PROBLEM DESCRIPTION:
Nothing should appear in the answer except the lines from the one with "Tecido inspirado moderno" through the end of the listing below, transcribed exactly and without pictures.

RECORDED INFORMATION:
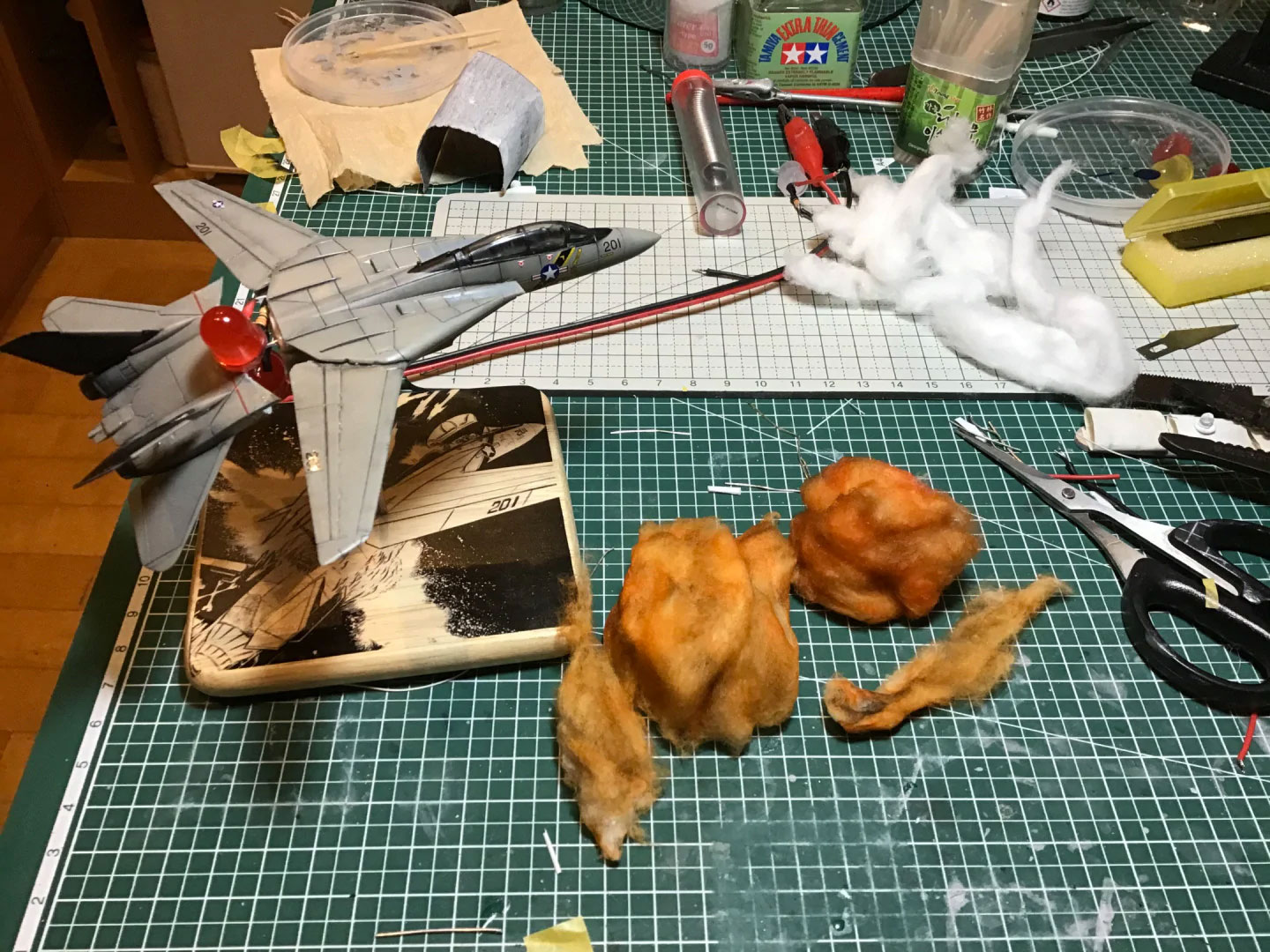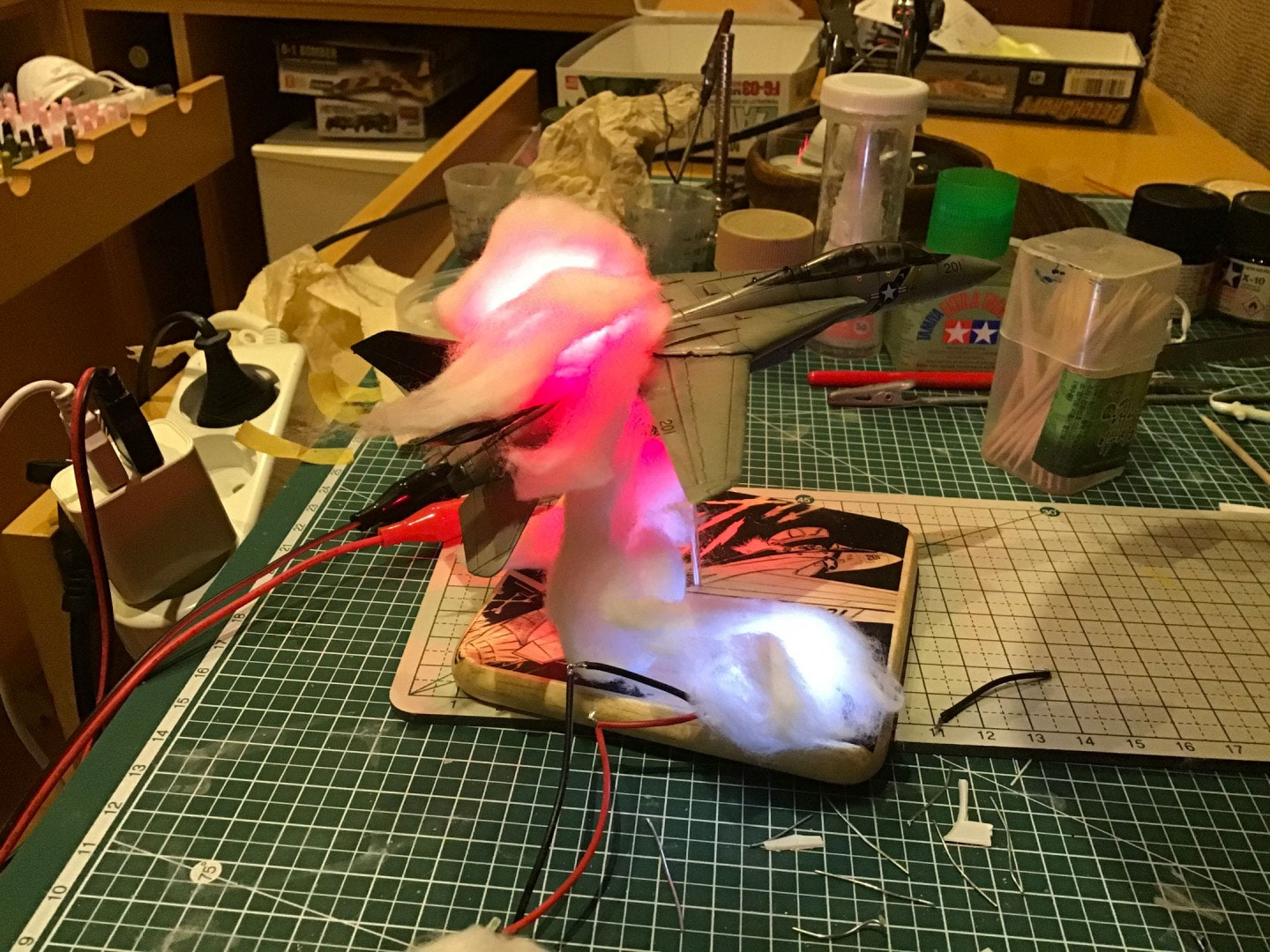 It was a bit unnerving to meticulously build the kit to completion, and then take a saw and hack it in half, but I’m glad I did. I tried the “explosion mid-flight” idea with an F-111 Aardvark in my “A Dill Hill to Die On” project, but this one worked better in my opinion. In fact, I’m surprised at how fast it all came together at the end. After it was in two halves, I added a bit of wire to the interior to provide the shape and support the structure. I slid the LED lights in and glued them in place and then I got out the cotton.
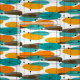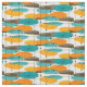 Tecido inspirado moderno do meio século do teste padrão de Starburst na laranja, na cerceta e no marrom em um fundo branco. Os padrões ovais eram populares durante o período de tempo do meio século.
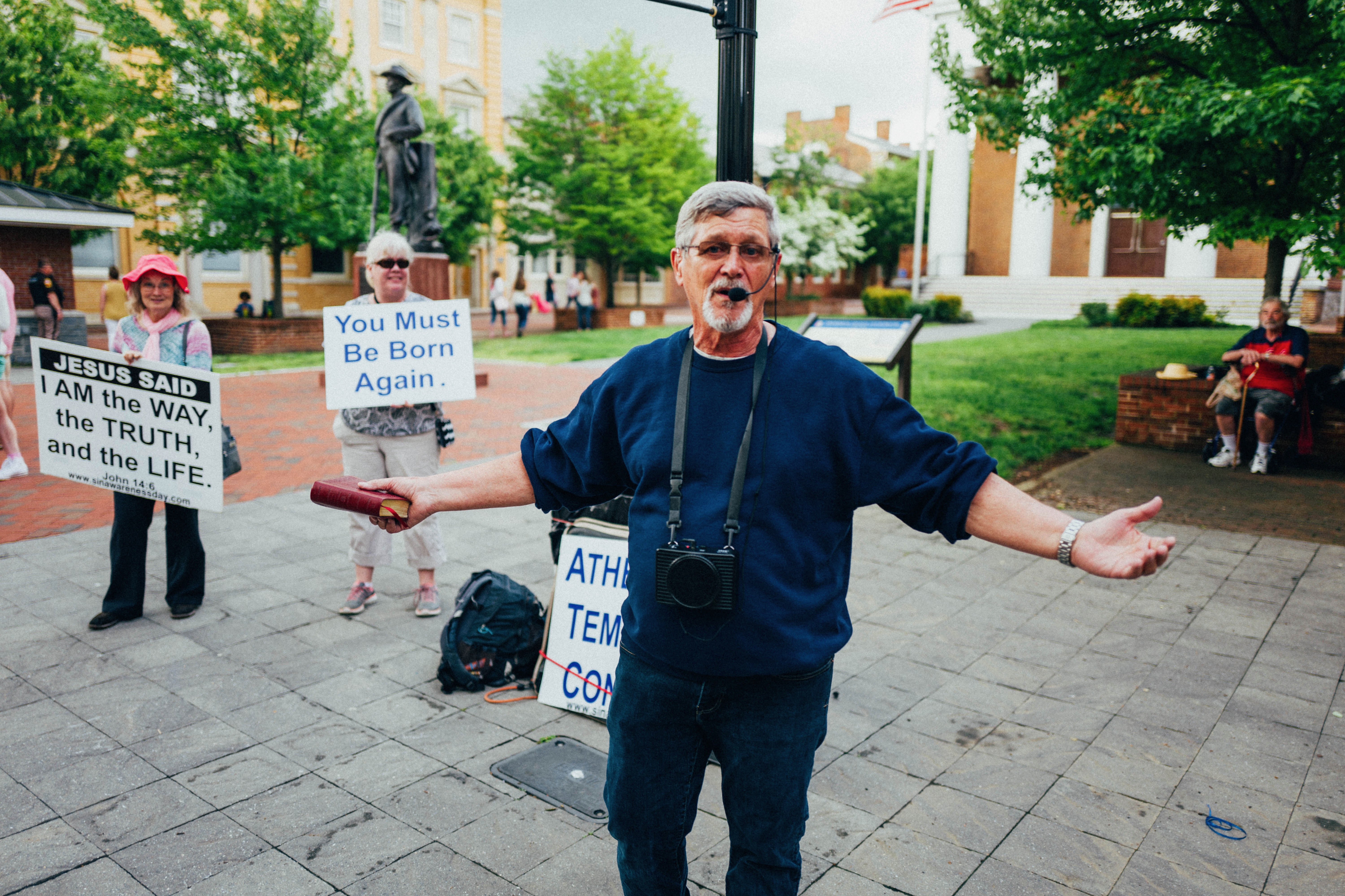 A vibrant scene unfolds in a public square, where a passionate speaker gestures animatedly while holding a microphone. Surrounding him, supporters showcase signs that convey messages of faith, contrasted by a relaxed atmosphere punctuated by casual observers and green foliage. The soft, diffused lighting highlights the earnest expressions, enhancing the mood of spirited dialogue and community engagement.
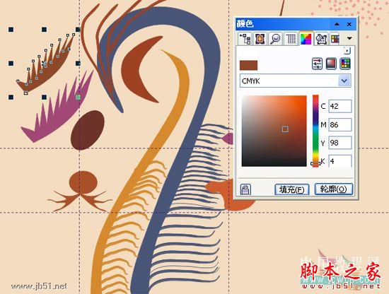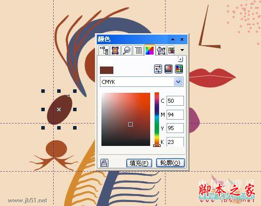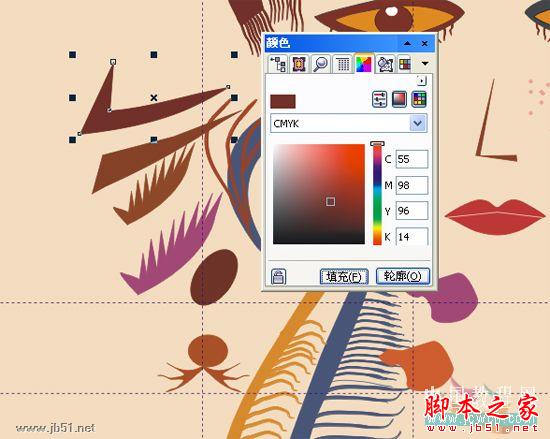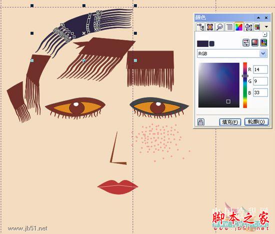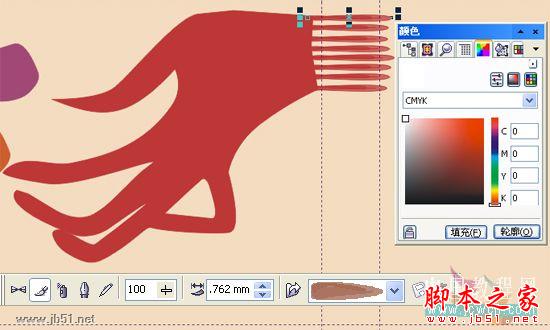 15、单击“钢笔工具”及“艺术笔工具”创建该图形,选择调色板中的相应颜色,填充图形如图15A所示:

TASK RESPONSE:
 Tecido inspirado moderno do meio século do teste padrão de Starburst na laranja, na cerceta e no marrom em um fundo branco. Os padrões ovais eram populares durante o período de tempo do meio século.
 A vibrant scene unfolds in a public square, where a passionate speaker gestures animatedly while holding a microphone. Surrounding him, supporters showcase signs that convey messages of faith, contrasted by a relaxed atmosphere punctuated by casual observers and green foliage. The soft, diffused lighting highlights the earnest expressions, enhancing the mood of spirited dialogue and community engagement.
 15、单击“钢笔工具”及“艺术笔工具”创建该图形,选择调色板中的相应颜色,填充图形如图15A所示:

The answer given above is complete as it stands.